Majola has been working with leading South African law firms since 2007 and says she doesn’t think there’s one successful way of navigating the legal environment in Africa.
“There are some structural issues in the industry that make it difficult for some people, especially women to do well, while others are able to simply thrive. While I know that there is certainly a willingness and intention to change some of these things, intention alone is not enough. Going forward, I hope that I will be part of the team that drives some of these essential changes.”
Majola says that the best advice that she can give to women is to be self-aware, supportive of other women, especially from minority groups, and to be assertive in circumstances which seem unhelpful or unsupportive to the advancement of women and in particular women of colour.
“Hopefully I can be honest, fair, assertive and empathetic in all situations that call for it and then see how it goes,” she says.
As a female lawyer practising in Africa, Mukhovha is constantly reminded of the importance of embracing the novelty of who she is as well as the need to support and mentor other young women to advance to positions of leadership and management.
“There is no need for petty differences that can easily cause a divergence from the path that will ultimately lead to the economic and social empowerment of women,” she says.

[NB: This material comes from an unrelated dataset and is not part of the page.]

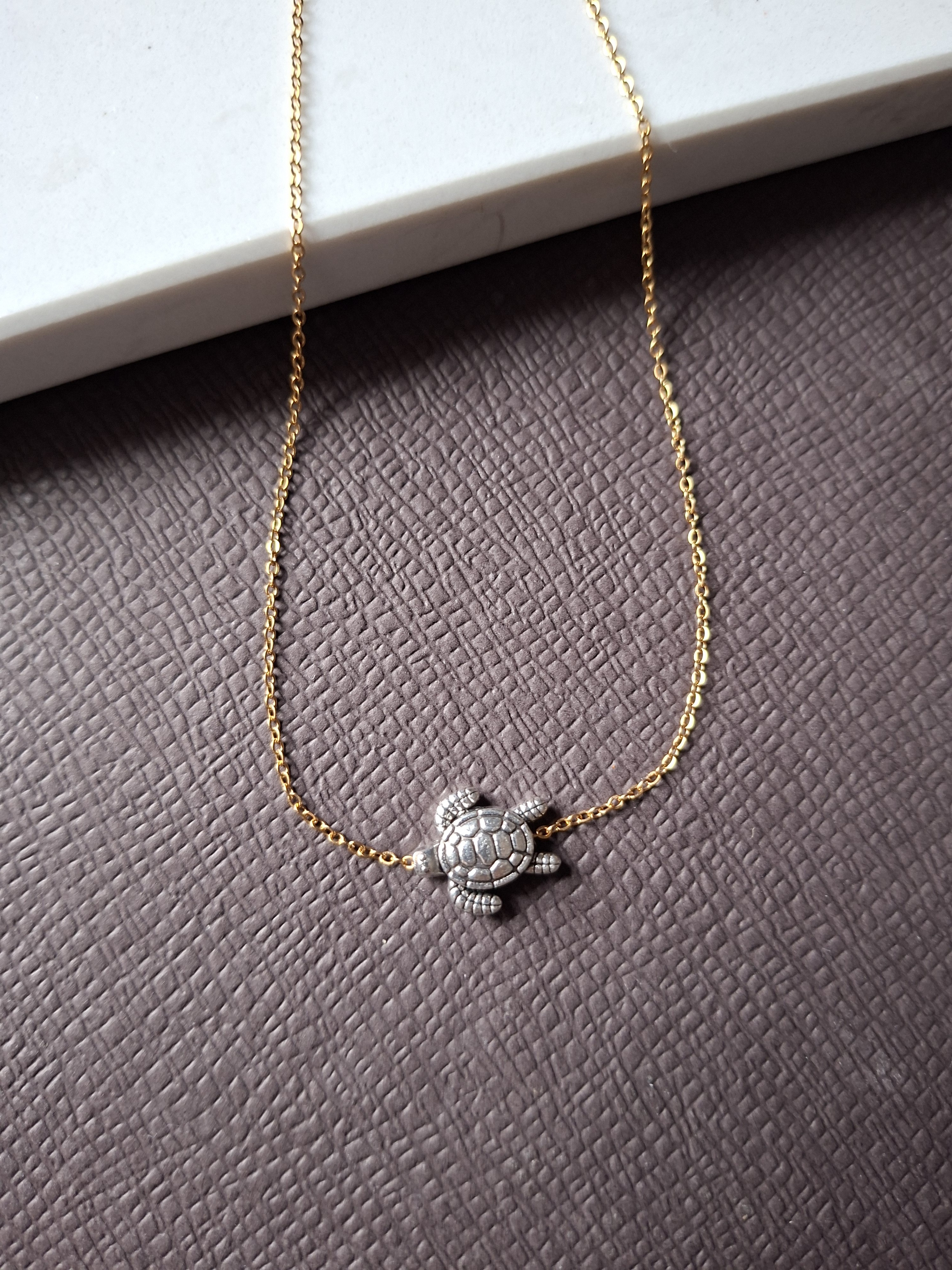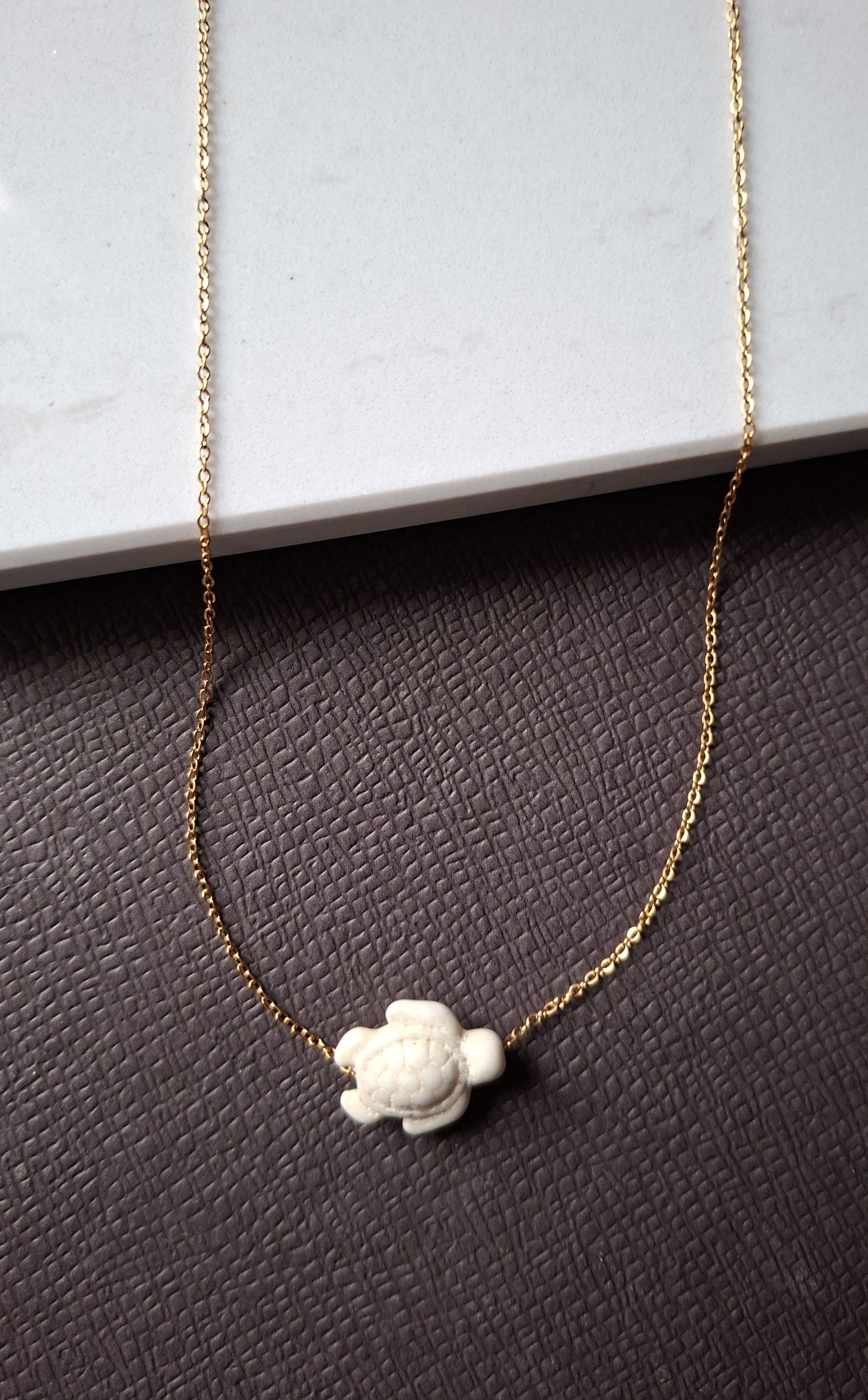Collier avec pendentif tortue de mer- animaux marins.Finition argent, turquoise ou crème.

“During my early 20’s, I struggled with challenging the perceived orthodoxies of social anthropology and the stereotypical image of a woman. I studied certain academic literature, including literature by Ifi Amadiume and Chimamanda Ngozi Adichie and heterogeneous theories on feminism, to understand how social and economic changes in both colonial and post-colonial Africa continue to undermine women’s status and reduce their social, political and economic roles. The invaluable knowledge and insight gained from the literature on feminism has encouraged me to debate and ridicule the exclusion of women from large areas of social participation, question the link between different physiological characteristics and “natural” differentiation in social roles for men and women and begin to formulate ways to overcome it,” she explains.
Mukhovha says that some of the socio-economic challenges facing Africa include lack of access to justice and education for people from poverty-stricken communities.

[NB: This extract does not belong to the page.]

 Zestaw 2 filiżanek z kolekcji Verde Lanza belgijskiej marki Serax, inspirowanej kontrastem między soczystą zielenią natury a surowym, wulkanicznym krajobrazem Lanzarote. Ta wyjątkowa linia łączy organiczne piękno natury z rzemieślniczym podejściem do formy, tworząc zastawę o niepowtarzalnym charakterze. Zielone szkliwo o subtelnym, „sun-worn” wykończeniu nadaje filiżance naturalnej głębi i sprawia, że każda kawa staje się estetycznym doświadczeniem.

“I believe that effective access to justice ought to be regarded as the most basic human right. The absence, or restriction to access to justice, prevents people from exercising their rights and challenging discrimination, and deprives people of real equality of law. Moreover, I truly believe education is of fundamental importance in building sustainable communities and is a prominent instrument in reducing and breaking the vicious cycle of poverty,” she says.
Majola’s mother was a domestic worker and her adoptive step parents, who her mother worked for, also used to tell her that the only way she could break the cycle of poverty was to get an education.

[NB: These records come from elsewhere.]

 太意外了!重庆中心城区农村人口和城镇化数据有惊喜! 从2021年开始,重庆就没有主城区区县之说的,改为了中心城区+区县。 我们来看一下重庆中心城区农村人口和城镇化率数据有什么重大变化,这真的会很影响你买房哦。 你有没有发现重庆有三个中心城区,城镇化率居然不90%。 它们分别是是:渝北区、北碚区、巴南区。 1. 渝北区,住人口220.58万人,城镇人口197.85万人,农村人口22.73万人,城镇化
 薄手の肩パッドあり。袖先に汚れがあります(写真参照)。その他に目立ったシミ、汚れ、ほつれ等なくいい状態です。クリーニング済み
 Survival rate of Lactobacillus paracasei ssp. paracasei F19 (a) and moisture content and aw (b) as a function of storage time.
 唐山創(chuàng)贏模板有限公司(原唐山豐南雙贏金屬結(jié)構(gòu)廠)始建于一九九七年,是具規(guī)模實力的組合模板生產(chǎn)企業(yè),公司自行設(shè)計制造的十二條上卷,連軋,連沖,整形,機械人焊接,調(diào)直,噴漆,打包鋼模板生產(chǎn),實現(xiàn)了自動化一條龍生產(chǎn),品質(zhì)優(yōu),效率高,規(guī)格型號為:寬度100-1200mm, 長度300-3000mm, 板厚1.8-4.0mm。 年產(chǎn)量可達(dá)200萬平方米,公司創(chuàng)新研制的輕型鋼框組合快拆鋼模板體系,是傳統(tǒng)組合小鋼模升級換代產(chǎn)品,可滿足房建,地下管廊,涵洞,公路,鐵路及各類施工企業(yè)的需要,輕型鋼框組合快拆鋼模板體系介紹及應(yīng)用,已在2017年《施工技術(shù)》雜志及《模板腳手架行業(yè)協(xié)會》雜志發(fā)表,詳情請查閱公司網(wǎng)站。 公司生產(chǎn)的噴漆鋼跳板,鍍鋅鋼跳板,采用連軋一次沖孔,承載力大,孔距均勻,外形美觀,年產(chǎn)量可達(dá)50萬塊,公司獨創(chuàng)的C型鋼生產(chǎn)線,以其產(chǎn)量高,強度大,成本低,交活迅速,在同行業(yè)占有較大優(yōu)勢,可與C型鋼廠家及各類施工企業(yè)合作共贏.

“If my adoptive parents had not paid for my primary education and if I had not been supported to get scholarships, I would not have broken my own poverty cycle. It begs the question, if education is the only way of breaking the cycle of poverty, then how do you break free of poverty if you can’t access education?”
“I know that I have a role to play as a lawyer and a corporate citizen. I strongly believe that access to education for all Africans, everywhere, is an essential starting point and that Africa’s vast potential will allow its people, to grow and flourish in the coming years,” Majola adds.